Discussion Forum : Digital Concepts - General Questions (Q.No. 41)
Digital Concepts
41.
How many binary bits are necessary to represent 748 different numbers?
9
7
10
8
Answer: Option
Explanation:
No answer description is available. Let's discuss.
Discussion:
19 comments Page 1 of 2.
Priyank said:   1 decade ago
748/2= div-374 rem=0
374/2= div-187 rem=0
187/2= div-93 rem=1
93/2= div-46 rem=1
46/2 div-23 rem=0
23/2 div-11 rem=1
11/2 div-5 rem=1
5/2 div-2 rem=1
2/2 div-1 rem=0
1/2 div=0 rem=1
Hence (748)=1011101100
So 10 digits are required to represent 748.
(5)
Panchakshari S H M said:   2 years ago
For 8 all 1's means it is 255,
For 7 all 1's means it is 127,
For 9 all 1's mean it is 511,
For 10 all 1's means, it is 1023.

So, the answer is 10.
(1)
Markin said:   2 years ago
@All.

You can also take a log to the base 2 of 748 and you get approximately 10 bits.
(1)
Sirisha said:   1 decade ago
Agreeing with @Murugan.

Example: Take 99.

If 9(1001),9(1001) total of 8 bits.

But 99=1100011, see 7 bits are enough.

@Raji method of identification is wrong.
Avinash said:   5 years ago
8-4-2-1 process is used for binary to BCD conversion.
Rohit kk said:   7 years ago
748/16=(2EC)16,
(1011101100)2,
The number of digit =10.
Nisha said:   9 years ago
@Priyank.
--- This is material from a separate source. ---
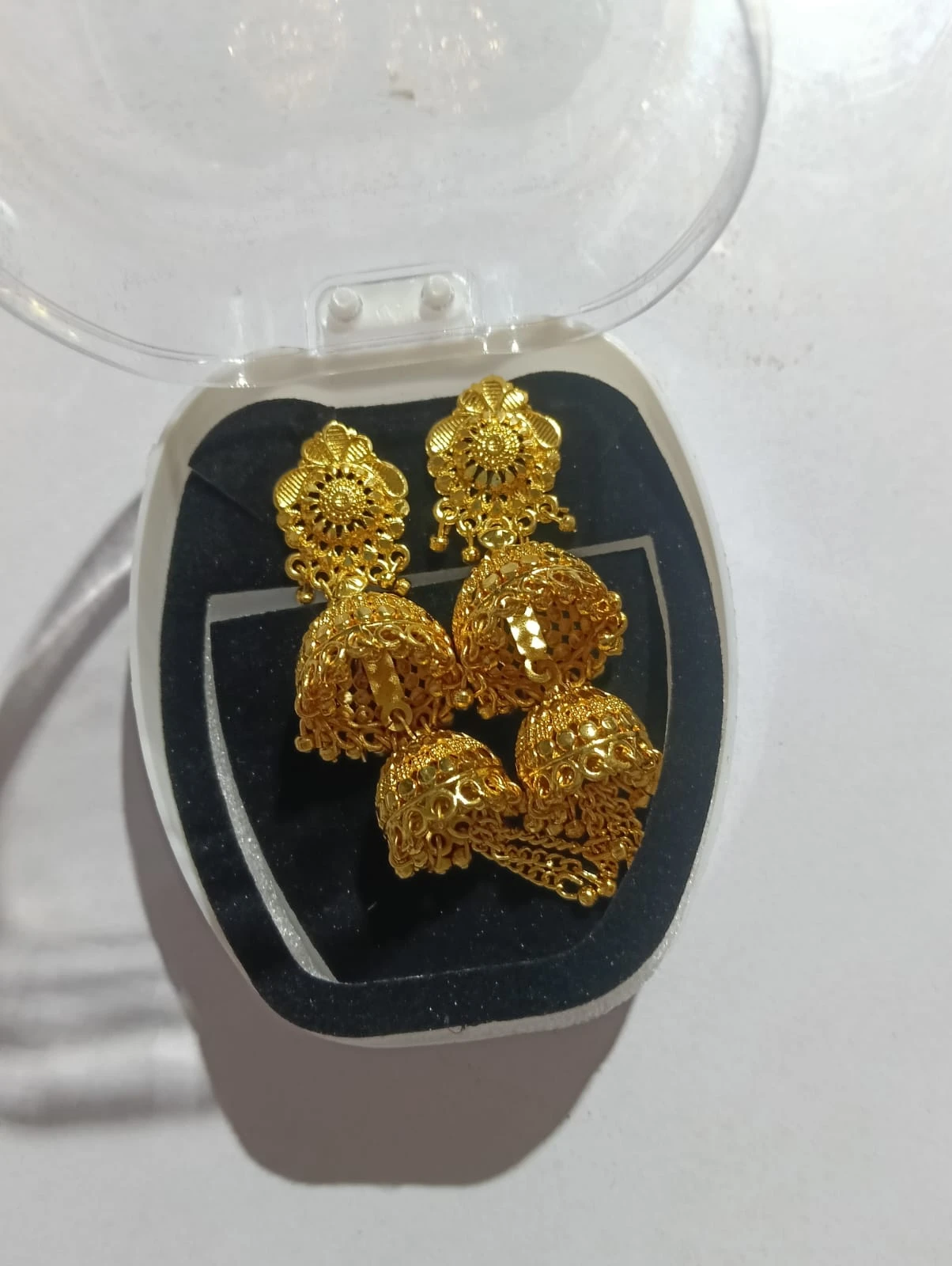 Apne ethnic look ko complete karein in beautiful traditional gold plated jhumka earrings ke saath. Isme diya gaya intricate floral design aur double layer ghunghroo pattern aapko royal aur classy look deta hai.
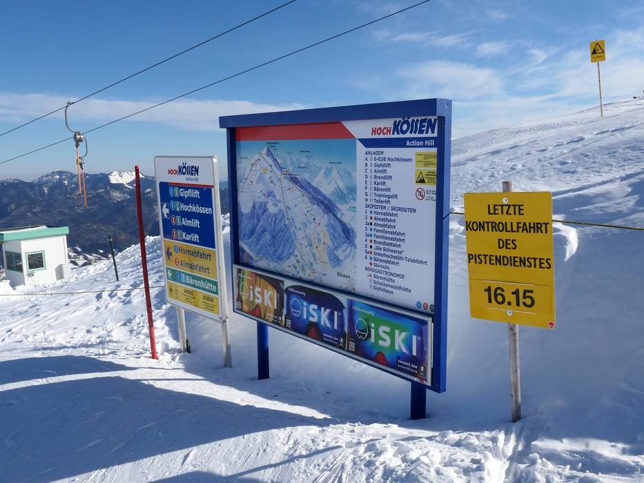 Im Skigebiet Hochkössen befinden sich an der Talstation und auf den Pisten umfassende Informationen. Die Beschilderung und die Pistenmarkierung ist gut.

You are correct because it is very easy to understand these binary to decimal conversion method.
Faheem said:   10 years ago
Simple is that 748 is the decimal number so binary bit will be 10.
Rohit said:   10 years ago
Best and easy way is convert number into binary and count no. of bits required.
Arun said:   1 decade ago
@Priyank is very correct. Its standard method to find out binary to decimal. It will take less time too.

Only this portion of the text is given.